There has been much talk in the media about the top 1% in our country thanks to the Occupy Wall Street protests and the discussion in Washington about raising taxes on those who have higher incomes. The IRS has released some interesting information that the top 1% of all filers paid 36.7% of all federal income taxes in 2009 which is the most recent year this information was analayzed. This share of taxes paid is down from 38% the prior year.
To qualify for the top 1% of earners in 2009 you needed an adjusted gross income at at least $343,927. Of course this just looks at income. There are certainly plenty of retired (or semi-retired) folks with a fairly large net worth who no longer have a large income.
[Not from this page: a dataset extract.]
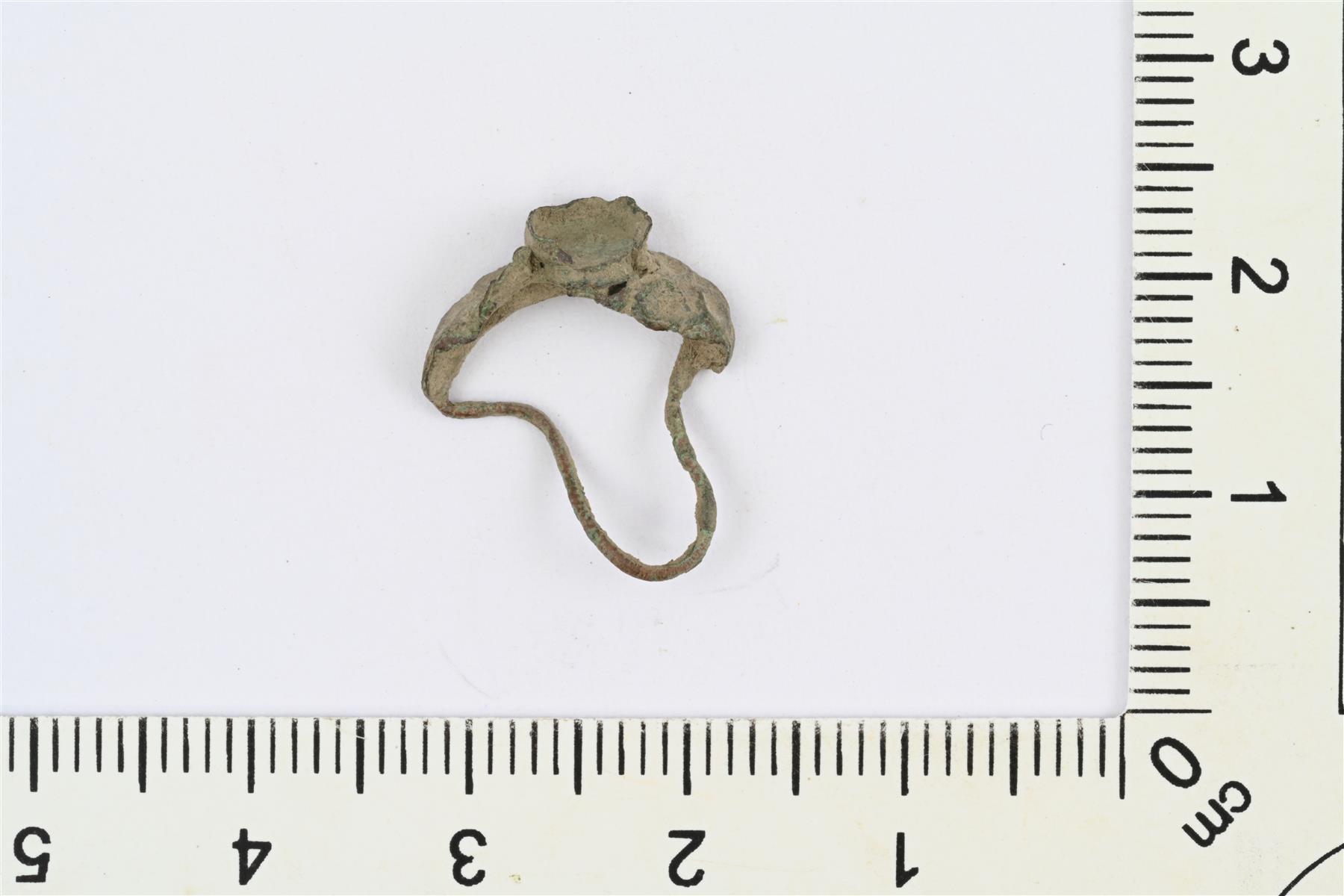 | Sormus, jonka muotoillussa etuosassa paikka kivelle. Vääntynyt. | |

I’m sure the protestors on Wall Street would consider someone with a multi-million dollar net worth but a low tax obligation to be part of this 1% group.
So, if you are not in the top 1% of earners you are probably wondering where you may be relative to the rest of that make up the other 99%? The highest 5% of earners had adjusted gross income of at least $154,643. (The top 5% of filers paid 58.7% of total federal income taxes in 2009.) The top 10% had adjusted gross income of at least $112,124 and accounted for 70.5% of all federal income taxes paid. The bottom 50% of filers paid 2.25% of all federal income taxes.
Now, it is important to remember that the above numbers are for federal income taxes. Payroll taxes (Social Security and Medicare) are borne largely by those with incomes under $100,000 so while the bottom 50% of all filers only accounted for 2.25% of federal incomes taxes, the share of total tax burden for this group was certainly much higher.